“Is this all there is to being a soldier?” a jaded young man asks of an apparently reluctant mentor as he, also reluctantly it seems, prepares to betray his king merely because the balance of power has shifted. Drawing heavily from wuxia and chanbara, Choi Jae-hoon’s The Swordsman (검객, Geomgaek) once again takes on the futility of violence as the two men who might each lay claim to the title attempt to escape the complicated world of Joseon politics but find themselves unable to escape the legacy of the blade while facing an internal debate as to how to protect that which is most precious to them.

Loosely “inspired by true events” as the opening title card insists, the action opens in 1623 with King Gwanghae (Jang Hyun-sung) fleeing the palace in the wake of insurrection. Like pretty much every other ruler, he’s been accused of murdering his siblings to usurp the throne and has lost the the support of the army, including his personal swordsman Min Seung-ho (Jung Man-sik), after instructing his generals to surrender to the enemy. Valiantly protected by lone defender Tae-yul (Jang Hyuk), Gwanghae makes the ultimate sacrifice for his people and agrees to go quietly pausing only to secretly entrust his infant daughter to the last man standing. 

Flashforward 15 years or so and Tae-yul is now a mountain recluse raising his teenage daughter Tae-ok (Kim Hyun-soo) alone in hiding from nefarious forces. The problem is that his eyesight is now failing and a trip to the physician to acquire medicine proves fruitless when it turns out such rare substances are available only to those with connections. Tae-ok wants to take up an offer from a local lord to become his foster daughter in order to get her father the medicine, but he is understandably reluctant. Meanwhile, a new threat has arrived in town in the form of thuggish Qing slave traders apparently intent on further disrupting the already unbalanced Joseon political situation which is divided in support of the Ming. 

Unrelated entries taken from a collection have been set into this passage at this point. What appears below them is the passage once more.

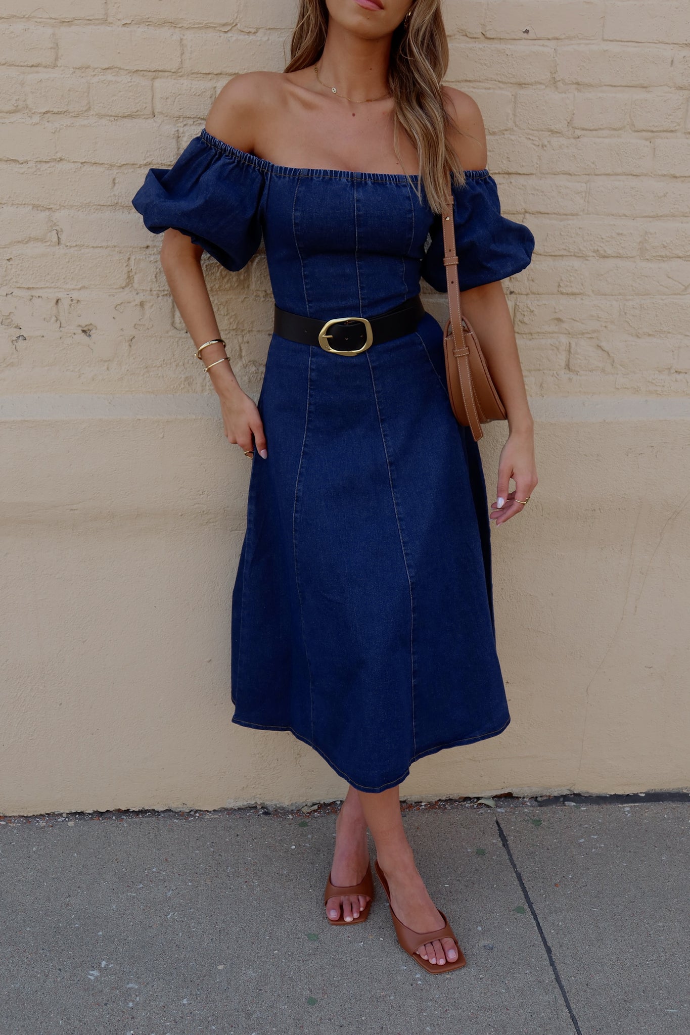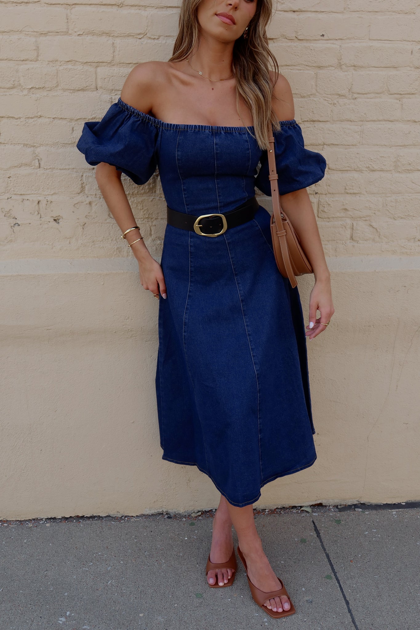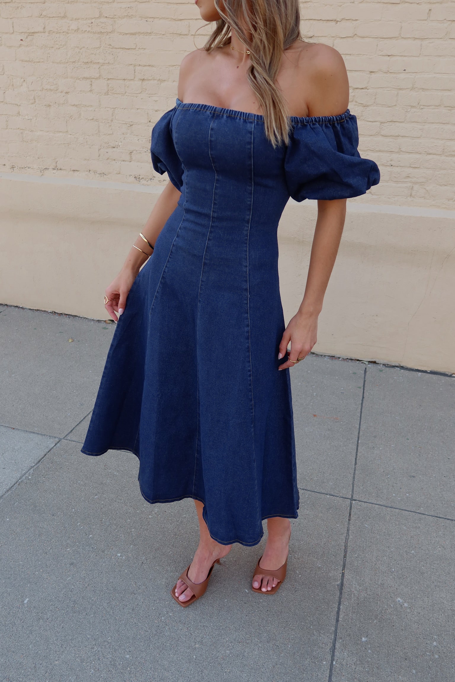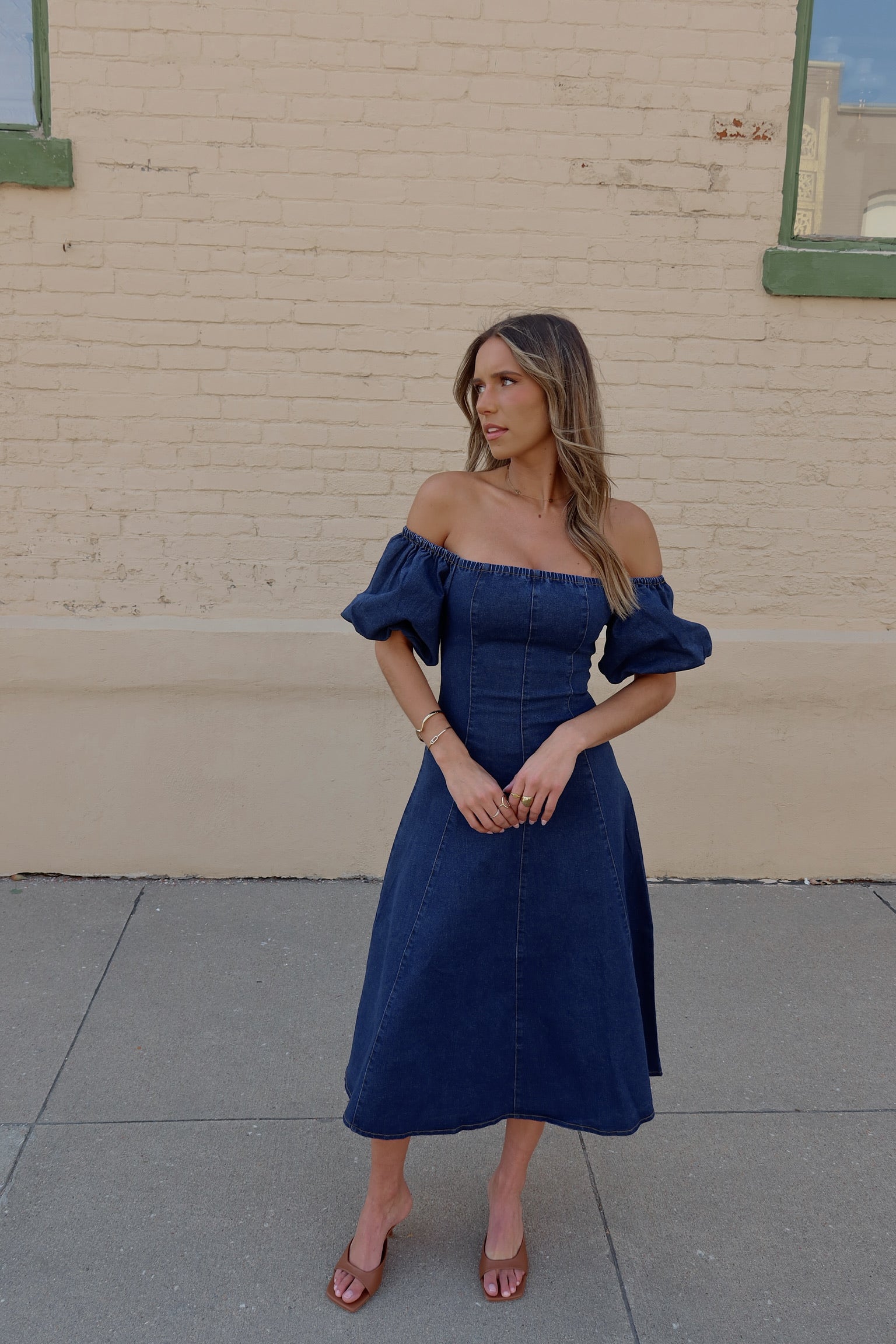 Denim Dreams Puff Sleeve A-Line Midi Dress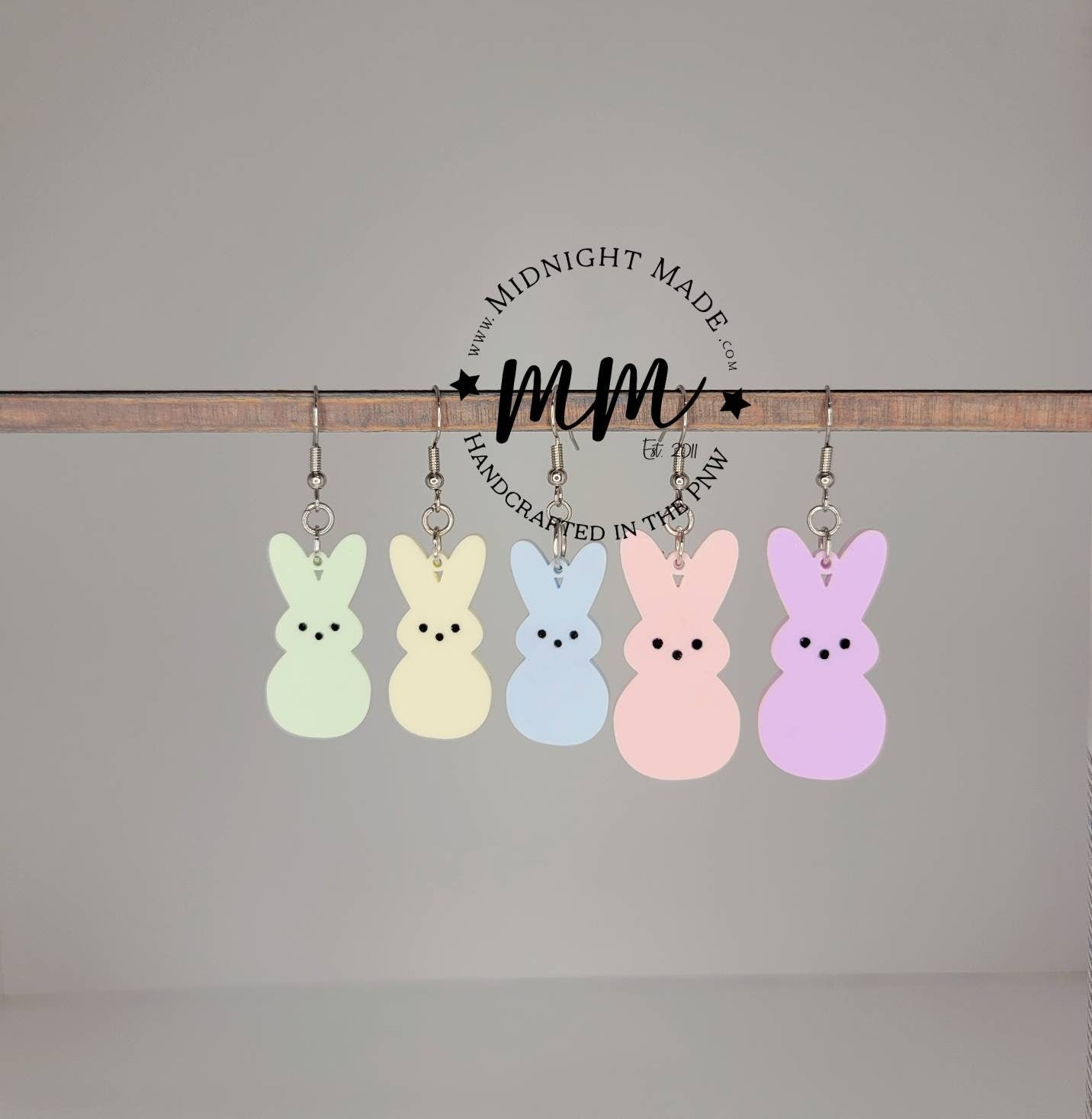 Peep Easter Earrings. Marshmallow bunny drop dangle earrings. Midnight Made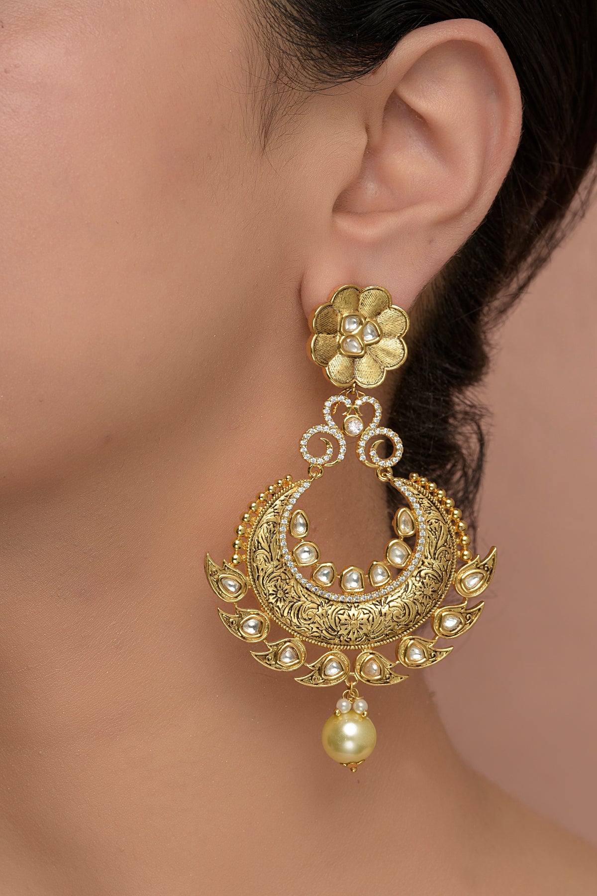 Gold Plated Carved Kundan Polki Chandbali Earrings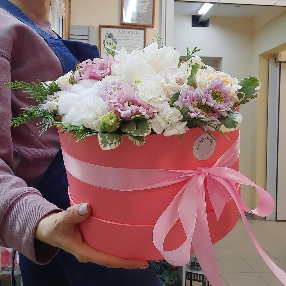 Питтоспорум – 3 шт.Роза кустовая – 1 шт.Хризантема кустовая – 1 шт.Коробка шляпная – 1 шт.Роза пионовидная – 1 шт.Диантус кустовой – 2 шт.Пирожные макарон – 5 шт.Конифер – 1 шт.Хлопок натуральный – 3 шт.Эустома алиса – 2 шт.Губка флористическая – 1 шт.пион белый импортный – 1 шт.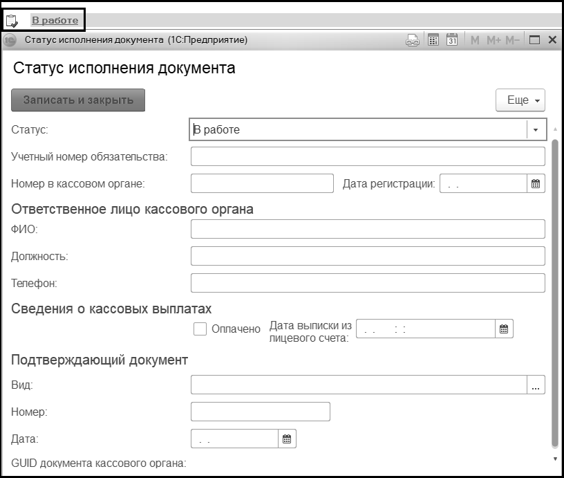 Присвоение и изменение статуса документа выполняется с помощью реквизита Статус формы Статус исполнения документа, открытие которой выполняется с помощью гиперссылки, расположенной в левом верхнем углу ниже кнопки Провести и закрыть. Новому документу автоматически присваивается статус В работе.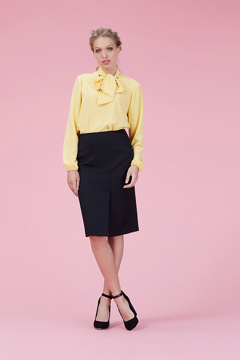 Юбка зайуженная к низу длиной до колен, пояс на обтачке, талия слегка занижена. На переднем полотнище - шлица в ассиметричном рельефе. Заднее полотнище с талевыми вытачками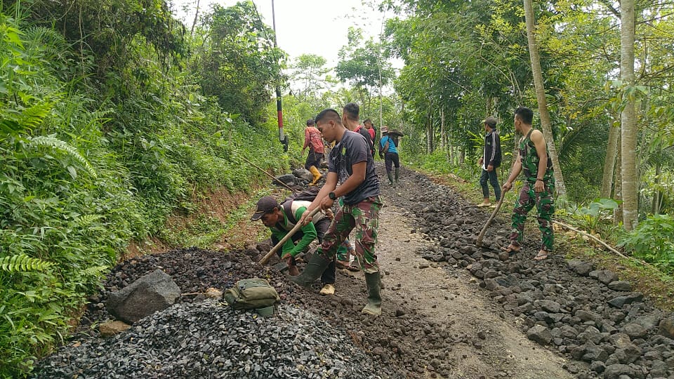 [Tasikmalaya, Jawa Barat] (HSB) – Anggota Satgas TMMD ke 115 kodim Tasikmalaya yakni anggota TNI dan masyarakat sekitar melaksanakan Pengaspalan jalan di desa Kp. Panyairan Ds. Cikadongdong Kec. Bojongasih.(13/10/2022)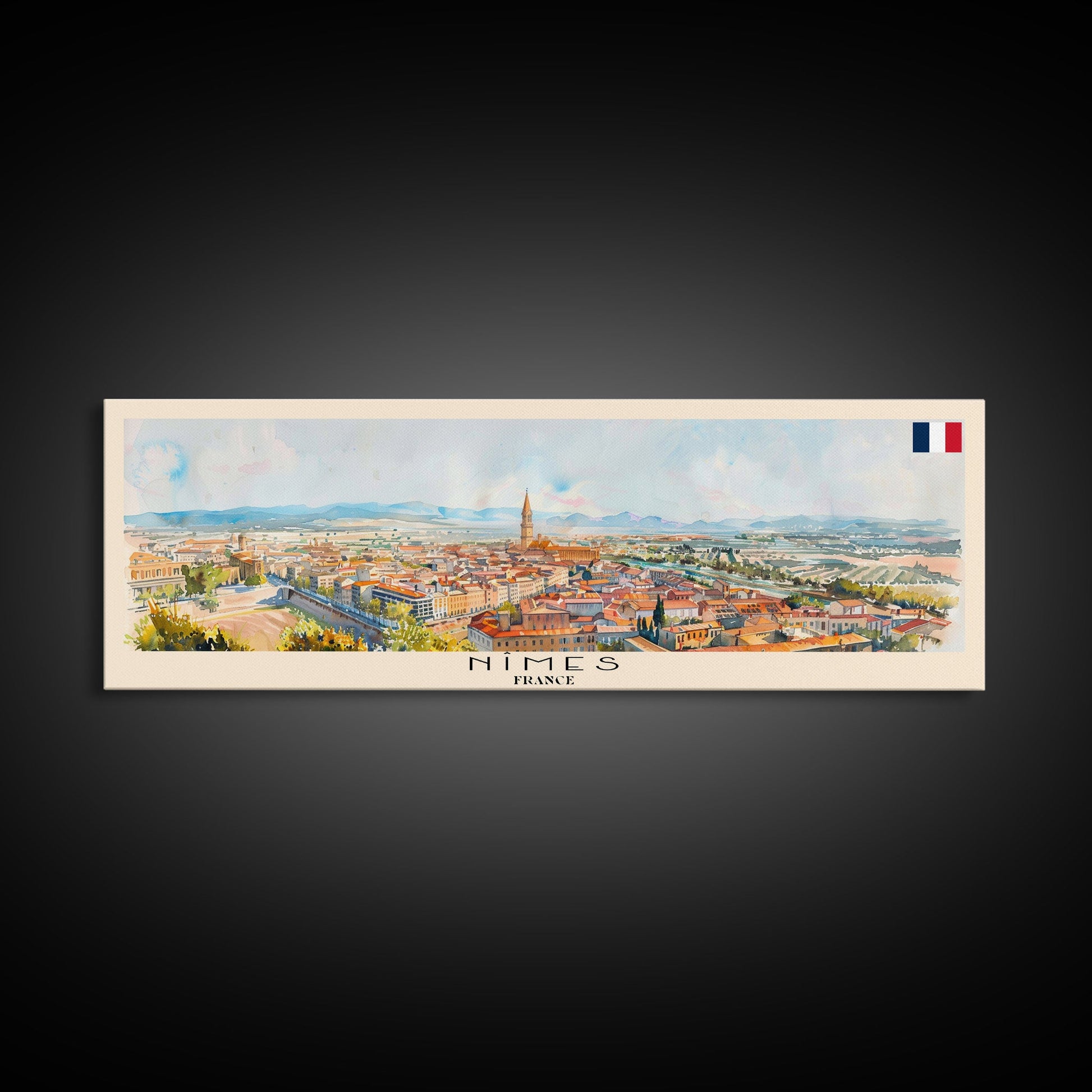 Nimes France Travel Art, City Art, Framed Canvas Print or Metal Wall Art, Europe Travel Poster, Panoramic Wall Art, Extra Wide Wall Art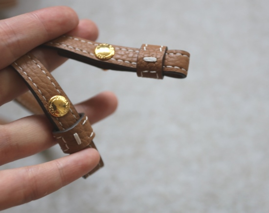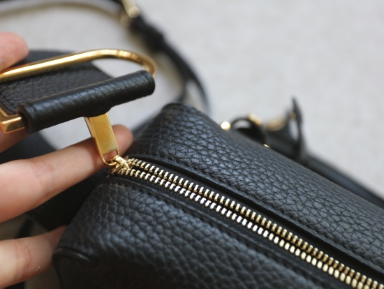 配金色五金 包扣拉链 就是D扣皮条 单侧缝制固定 不可拆
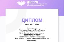 Поздравляем Инюшеву М.М., педагога отделения музыкального искусства, ставшую победителем (1 место) Республиканского педагогического конкурса «Новые методы и формы работы в дополнительном образовании» г. Казань.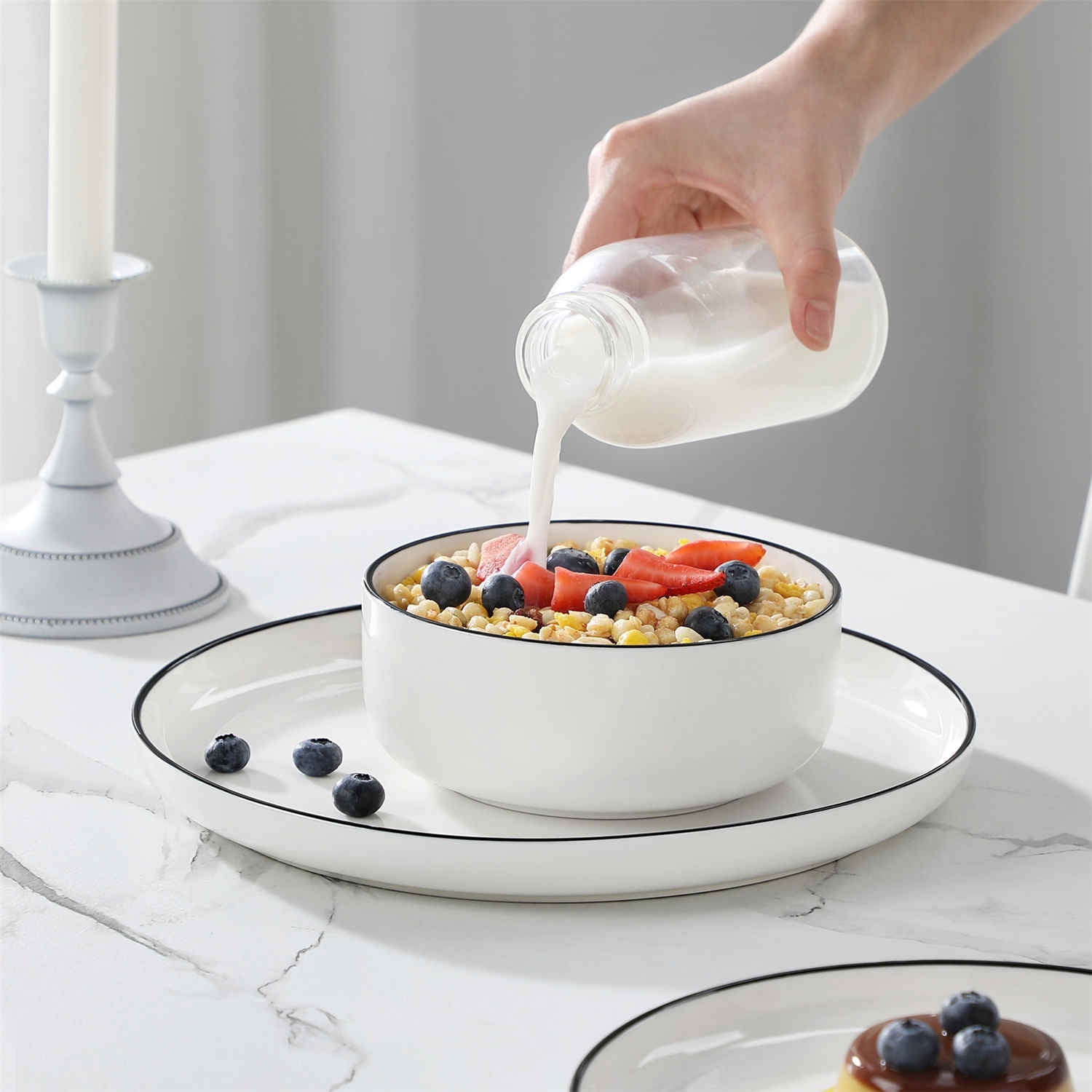 Step into modern sophistication with this coveted dinnerware set, defined by its sleek lipped design. This refined collection features dinner plates, dessert plates, and cereal bowls, all crafted from durable reinforced porcelain. Available in a versatile palette, from classic ivory white with black trim to marble grey, blue, and pink, this set for four effortlessly combines contemporary style with timeless allure. Designed for everyday use, each piece is dishwasher, microwave, and oven safe, offering both practicality and refined aesthetics.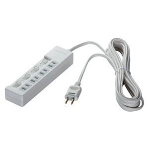 - 2ピン式電源タップ個別スイッチほこり防止シャッター付6個口3.0mWH 取り寄せ商品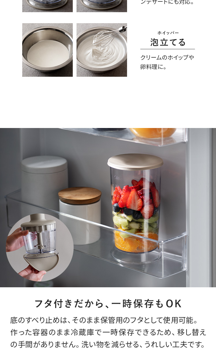 | 定格時間 | チョッパー(きざむ)/約30秒 ブレンダー700ml(つぶす・まぜる)/約1分 ホイッパー(泡立てる)/約3分 |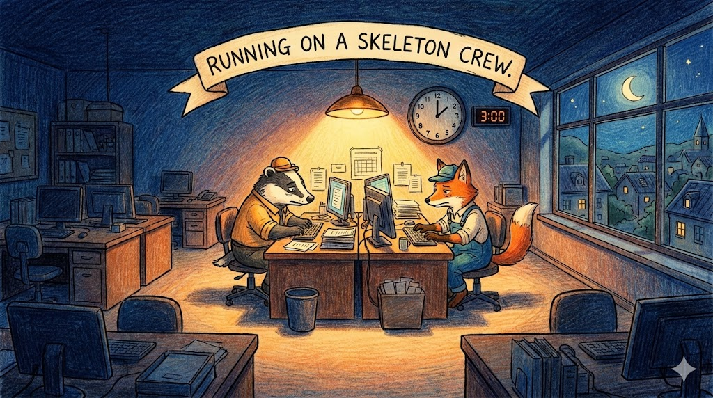 - (우리는 주말 동안 서버를 모니터링할 최소 인원만 남겨두었습니다.)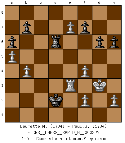 Last move : 1-0 2022 May 29 15:2:50 [Event "FICGS__CHESS__RAPID_B__000379"] [Site "FICGS"] [Date "2022.05.08"] [Round "1"] [White "Leurette,Marc-Antoine"] [Black "Paul,Samagata"] [Result "1-0"] [WhiteElo "1704"] [BlackElo "1704"] 1.e4 e5 2.Nf3 Nf6 3.Nc3 c6 4.Nxe5 Qe7 5.d4 d5 6.exd5 Nxd5 7.Nxd5 cxd5 8.Bb5+ Bd7 9.Bxd7+ Nxd7 10.O-O O-O-O 11.Re1 Qf6 12.Qf3 Nxe5 13.dxe5 Qxf3 14.gxf3 Bc5 15.b3 h6 16.Bb2 Rhe8 17.f4 Re7 18.Rad1 Kc7 19.Kg2 g6 20.Rd3 Kc6 21.Rc3 Kb5 22.a4+ Kb6 23.Rxc5 Kxc5 24.Ba3+ Kd4 25.Bxe7 Rd7 26.Bd6 Kc3 27.Re2 d4 28.b4 d3 29.cxd3 Kxd3 30.Re3+ Kd2 31.a5 a6 32.Kg3 Rd8 33.e6 Rxd6 34.e7 1-0 Petrov Three knights game Kingside Castling by player White (move 10) Queenside Castling by player Black (move 10) Player White won this chess game. Follow this game move after move (download)For me, Chess is life and every game is like a new life. Every Chess player gets to live many lives in one lifetime. (Eduard Gufeld) Wir können eben der zündenden Macht des Opfers nicht wiederstehen, denn die Begeisterung für das Opfer liegt in der Natur des Menschen. (Rudolf Spielmann) Me gusta decir que Bobby Fischer fue el mejor jugador que jamás haya existido. Pero lo que hizo de Fischer un genio, fue su habilidad de mezclar una frescura y pragmatismo Americano con ideas Rusas acerca de la estrategia. (Bruce Pandolfini) Aux échecs, les retours au sommet sont rares : les dommages psychologiques consécutifs à une défaite sont trop sévères. (Daily Telegraph) Chess is everything: art, science and sport. (Anatoly Karpov)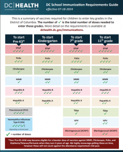 School-based Health Centers are available for families of children who are 3 years or older. Additionally, regardless of where your child is enrolled, a parent can seek vaccination-only appointments from a school-based health center. Don’t forget to call ahead and schedule an appointment. To find a list of school-based health centers find them at DC Health https://dchealth.dc.gov/service/school-based-health-centers

The political context in itself is only subtly conveyed, though this is a rare period drama in which the focus is only tangentially on courtly intrigue in the suggestions that constant machinations by ambitious lords have undermined the notions of soldierly honour and loyalty that ordinarily support the feudal system. The conflicted Min, a man of the sword, retires from the court because he isn’t certain he acted correctly in his actions towards Gwanghae and fears he was merely manipulated as he later is by bloodthirsty slave trader Gurantai (Joe Taslim). Gurantai and his henchmen seem to be on the look out solely for a worthy opponent to satiate their boredom, threatening an entire kingdom in the process. Tae-yul, by contrast, has renounced the way of the sword altogether and attempted to isolate himself from worldly violence in order to better protect his daughter only to find himself dragged down from the mountain by her love for him in insisting he find the means to fix his eyes. 

When Tae-ok is kidnapped by Gurantai who has figured out who she is (in one sense or another), Tae-yul enters full on Taken mode determined to save both the girl herself and reclaim this relic of an earlier, purer world to which she is perhaps the heir pausing only to free a few slaves on his way. Operating on a much lower budget than your average period drama, Choi shoots mainly in a shaky handheld maintaining an indieish aesthetic in keeping with the rough and ready quality of the narrative which seems to draw equally from Hollywood westerns, Hong Kong wuxia, and Japanese samurai movies in its relentless drive towards the final showdown. Making a few points about he changing nature of the times and the futility of violence, the minions of a venal lord are eventually cutdown by rows of Qing armed with rifles while they flounder helplessly with only their blades, swordsmanship itself now an obsolete art though apparently one still valuable to bored, insecure leaders such as Gurantai. Nevertheless, the expertly choreographed action scenes have a mounting intensity from Tae-yul’s early refusal to unsheathe his distinctive double-edged blade to the merciless killing of a female bystander at the film’s conclusion. Ending with an ironic return to the world, apparently now changed, The Swordsman kicks back against feudal hypocrisies while its blinded hero uses the only weapons available to him in order to protect what he considers to be worth protecting. 


The Swordsman streamed as part of the Glasgow Film Festival.